We regard $\epsilon$ as the parametrization of a new curve, called the evolute of $\gamma$ (if $\gamma$ is any regular plane curve, its evolute is defined to be that of a unit-speed reparametrization of $\gamma$).

Assume that $\dot \kappa_s (s) \neq 0$ for all values of $s$ (a dot denoting $\frac{d}{ds}$ ), say $\dot \kappa_s >0$ for all $s$ (this can be achieved by replacing $s$ by $−s$ if necessary).

Show that the arc-length of $\epsilon$ is $\frac{-1}{\kappa_s(s)}$ (up to adding a constant), and calculate the signed curvature of $\epsilon$.

Show also that all the normal lines to $\gamma$ are tangent to $\epsilon$ (for this reason, the evolute of $\gamma$ is sometimes described as the ‘envelope’ of the normal lines to $\gamma$).

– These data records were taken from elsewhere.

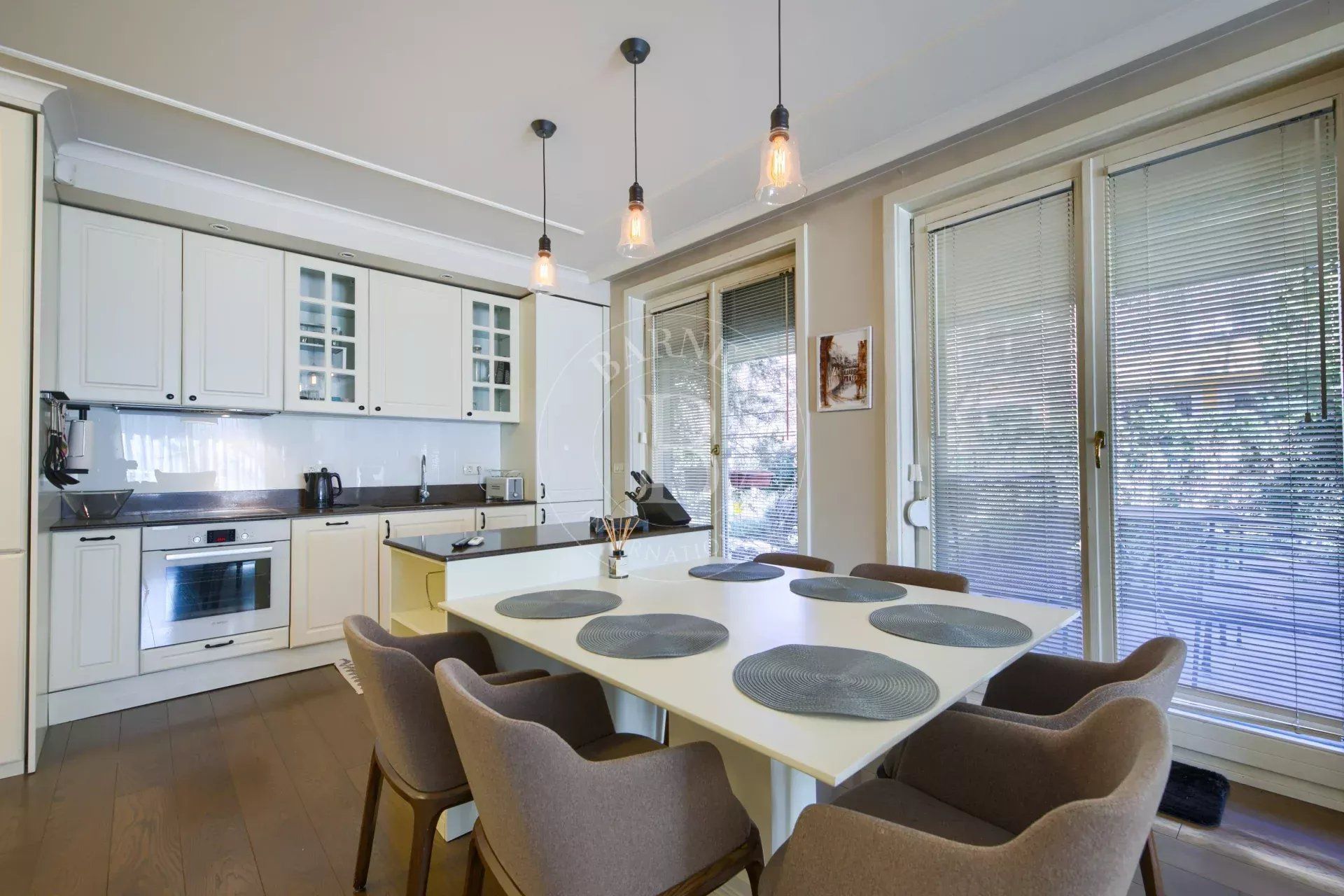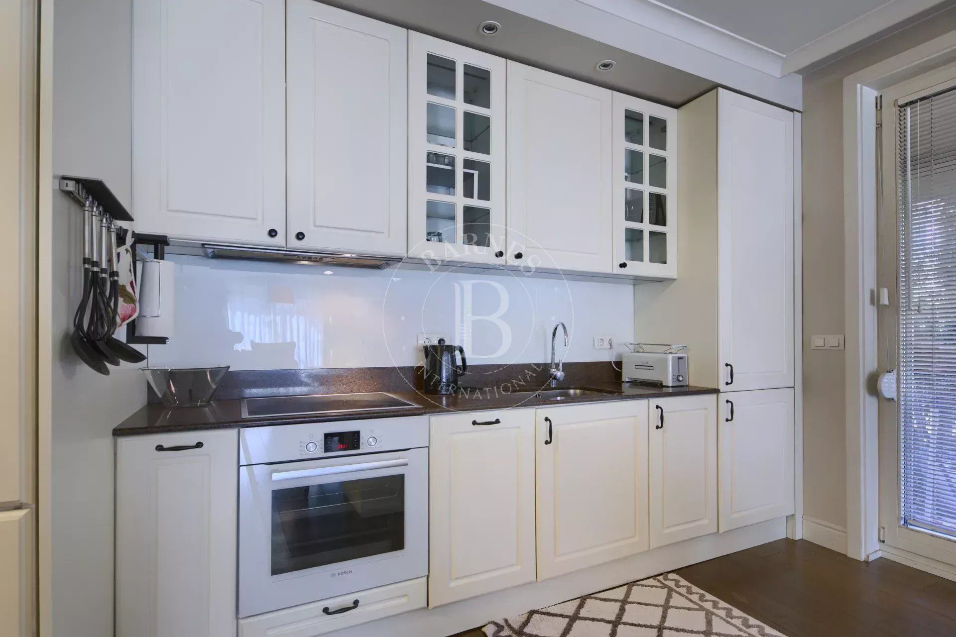 Жилището е обзаведено и поддържано в много добро състояние, с практично разпределение и достатъчно място за съхранение. Дневната е организирана като open plan пространство с кухня, трапезария и зона за почивка, с кухненски остров и директен излаз към двора.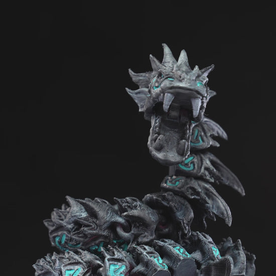 Summoned from the depths of Norse myth, The Midgard Serpent slithers into reality with ominous grace. This 3D printed masterpiece features an intricately scaled, multi-segmented body with full articulation, allowing it to coil, stretch, and strike with lifelike motion. Hand-painted in stone-textured grays with striking ethereal blue runes, its glowing eyes and fierce fangs capture the ancient terror of Jörmungandr itself.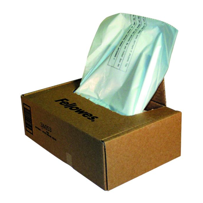 Odpadové vrecia pre skartovačky Fellowes. Objem 34 l, v balení 100 ks.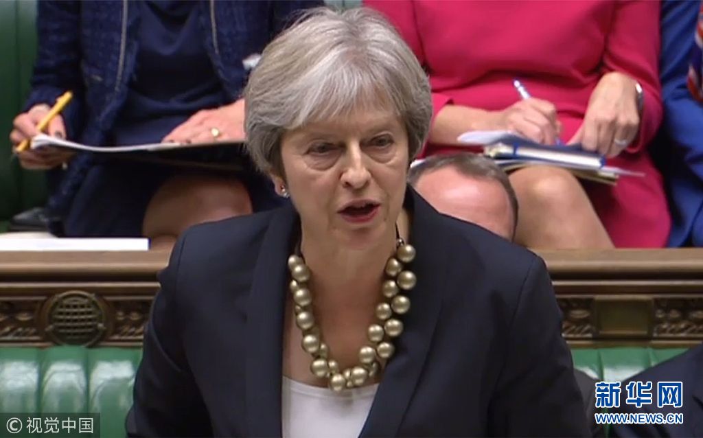 當地時間2018年10月22日,英國倫敦,英國首相特雷莎·梅在下議院向國會議員發(fā)表聲明,尋求脫歐戰(zhàn)略支持。特雷莎·梅稱盡管她再次拒絕了歐盟關于愛爾蘭邊界問題的提議,但堅信與歐盟的脫歐協(xié)議談判已經接近尾聲。(視頻截圖)(圖片來源:視覺中國)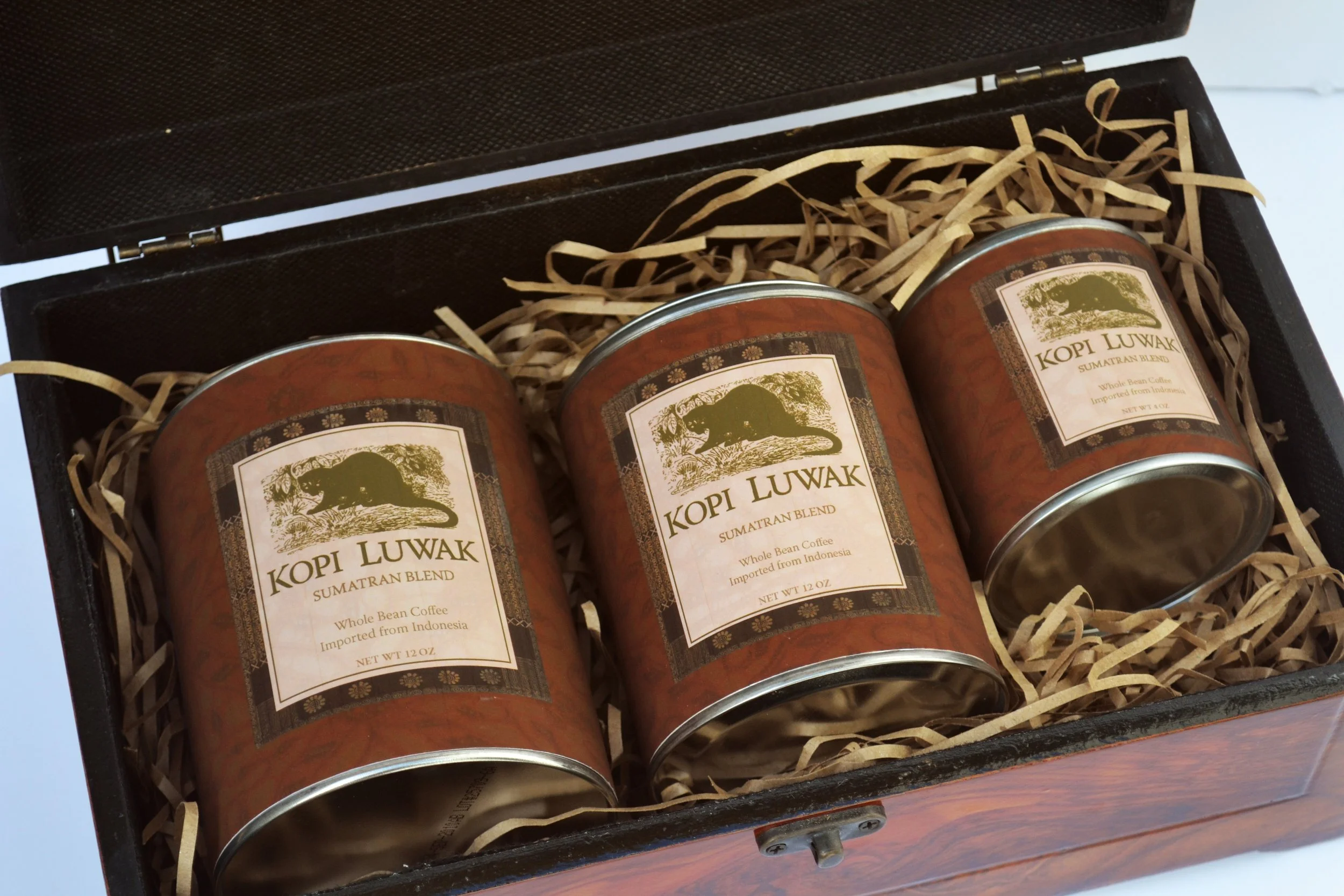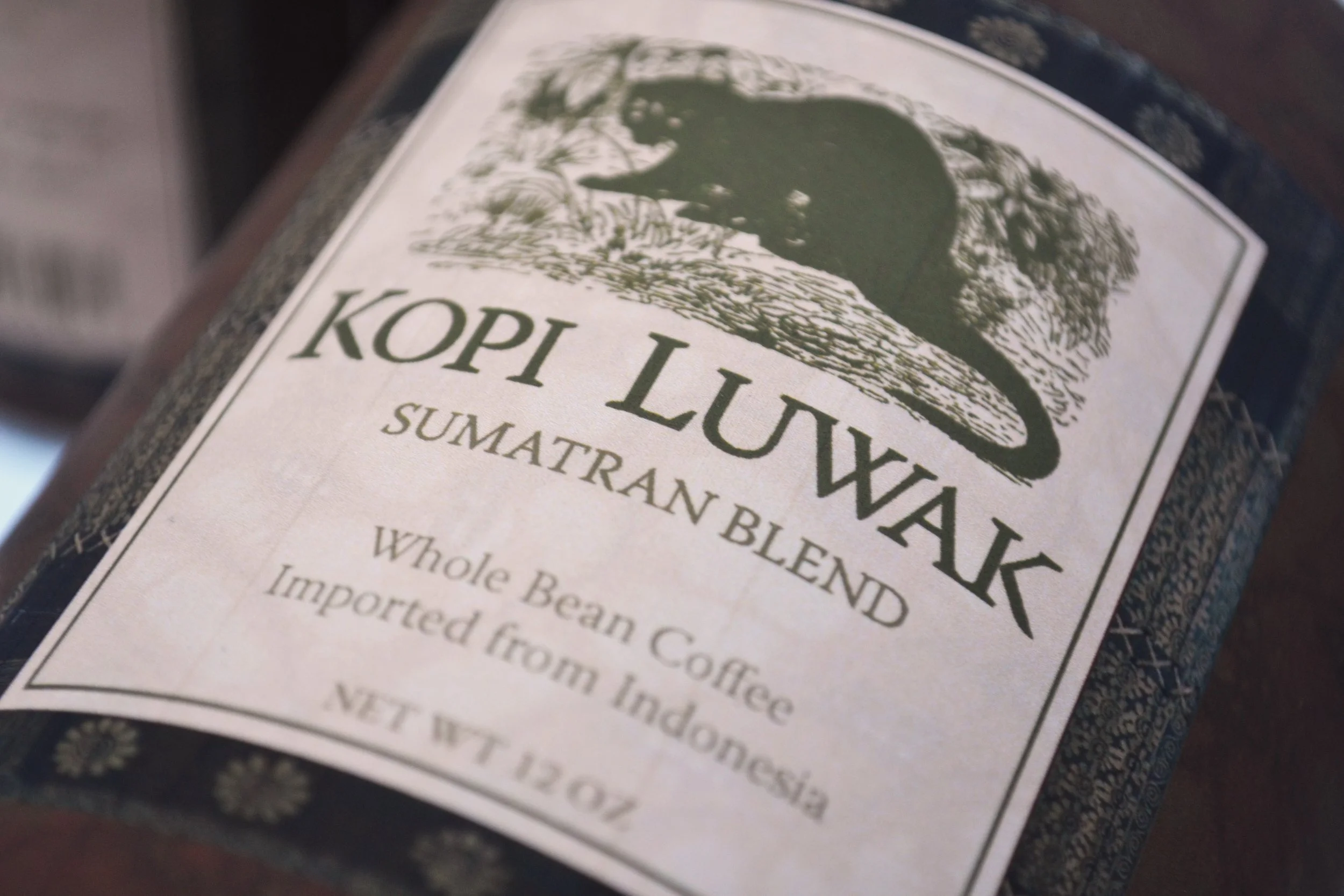 For this project I decided upon using a unique type of coffee that is well known and sold throughout Indonesia and Malaysia called Kopi Luwak. The reason it is so unique is because the coffee is roasted after being digested and pooped out by the Asian Palm Civet. For the design, I used traditional Indonesian Batik print on the can and a woodcut illustration of the Asian Palm Civet for the label.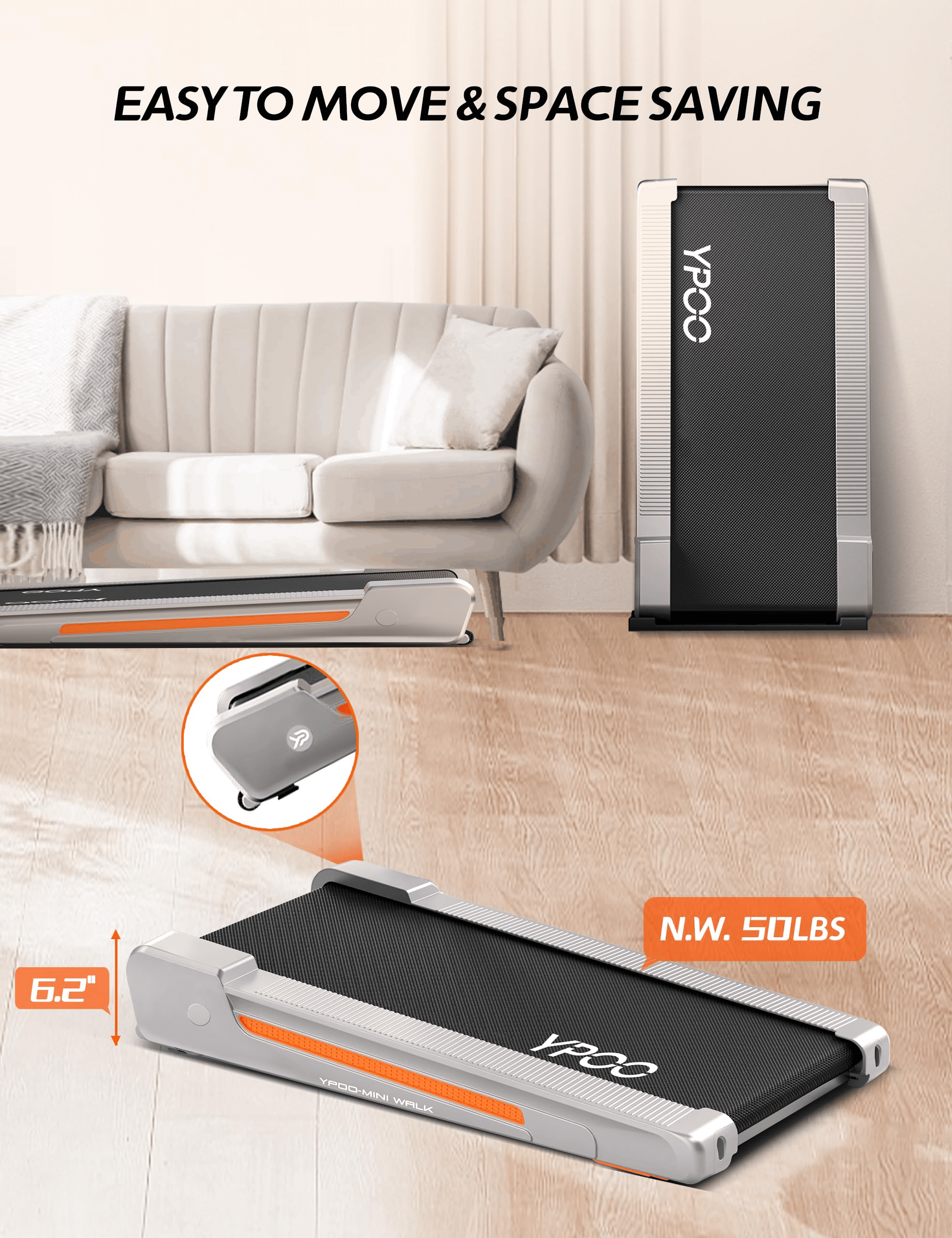 Space-Saving and Easy to Move: The YPOO Walking Pad Treadmill with Incline has a larger and wider treadmill belt area (16*40 inches), which is large enough for you to safely walk or run on when using this walking pad incline. The wlaking pad treadmill incline has two mobile wheels on the bottom for easy mobility and storage.

Show that in particular case of the cycloid ( $a > 0$ is a constant),

$$\gamma (t) = a(t − \sin t, 1 − \cos t), 0 <t< 2\pi ,$$

the evolute is

$$\epsilon (t) = a(t + \sin t, −1 + \cos t), $$

and that after a suitable re-parametrization $\epsilon$ can be obtained from $\gamma$ by a translation of the plane.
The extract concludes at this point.